For crying out loud!  It is still working fine for me.What could be the problem???


----------



## kooper (Sep 19, 2004)

hey chris, you have an awesome loft. i was wondering have you sold the unbanded pigeon? im intersested in him/her. i was wonder how much will you sell him/her? and where you are located?


----------



## TaylorGS (Feb 27, 2005)

Hi Chris,
That was one big picture you have on the front of your site, but I like it!
*Taylor*


----------



## chris purvis (Feb 23, 2004)

The bird is still for sale.

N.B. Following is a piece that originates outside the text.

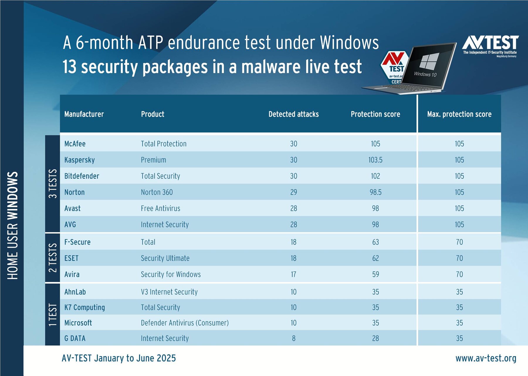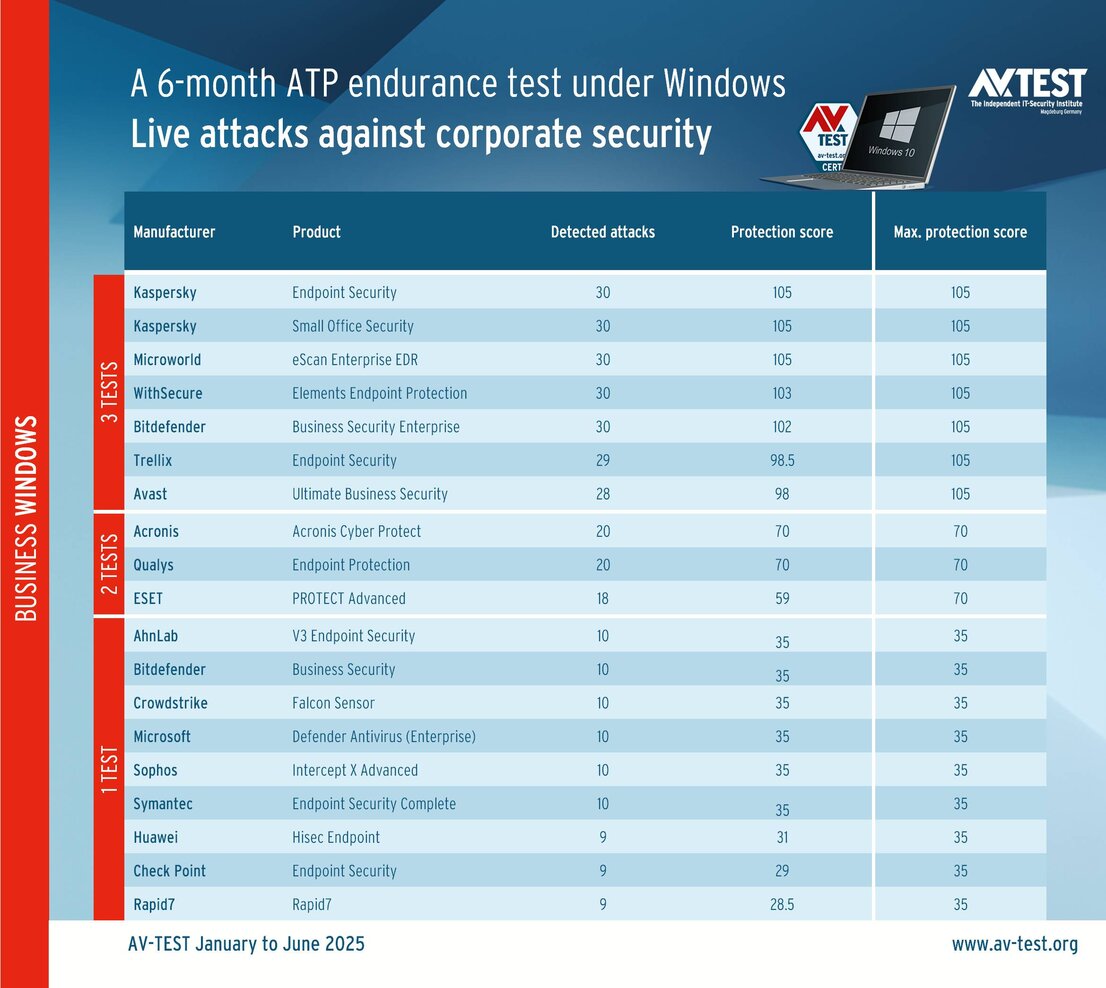When it comes to purchasing a new security solution, those responsible for corporate procurement pay just as much attention to reliable test data as do consumer users. That is why the latest ATP endurance test of 32 products under Windows is a trove of incontrovertible test data. It provides a sound assessment of the many security solutions available on the market. The AV-TEST lab collected test findings from January through the end of June 2025. A large number of products took part in all 3 tests, others only in 2 or one. Nevertheless, it enabled a good side-by-side comparison of the products.

I sent you an email about it but if you dont get it let me know. my email is [email protected]


----------



## chris purvis (Feb 23, 2004)

i was just wondering if everyone can get to the website now


----------



## TAWhatley (Mar 6, 2001)

Was able to get in with no problem and all the links seem to be working fine! Nice job, Chris, and thanks for the link to the Pigeon-Talk forum!

Terry


----------



## Grizzled (Oct 21, 2004)

Awesome site Dude. Your young birds look great.


----------



## elvis_911 (Apr 26, 2004)

Yes, its working fine but the pics take forever to load up on your site 

Elvis


----------



## go4pigeons (Mar 28, 2005)

Great web page. Pics loaded within 4 seconds so guess it's working fine now.


----------



## elvis_911 (Apr 26, 2004)

Mine hasnt changed...i think it goes slow cause its 400kbs per pic thats a lot for some people 56k and 26k dialups.

Elvis


----------



## Birdmom4ever (Jan 14, 2003)

Great job, Chris! I never would have taken on such an ambitious project when I was 15...I'm really impressed. It's so good to see young people interested in pigeons. Keep up the good work!


----------



## chris purvis (Feb 23, 2004)

im sorry about how it takes so long for all of the pictures to download


----------



## elvis_911 (Apr 26, 2004)

haha no problem , your birds are awesome , i love the bird you have for sale 

Elvis


----------



## Birdmom4ever (Jan 14, 2003)

It doesn't take long for me, I have DSL.


----------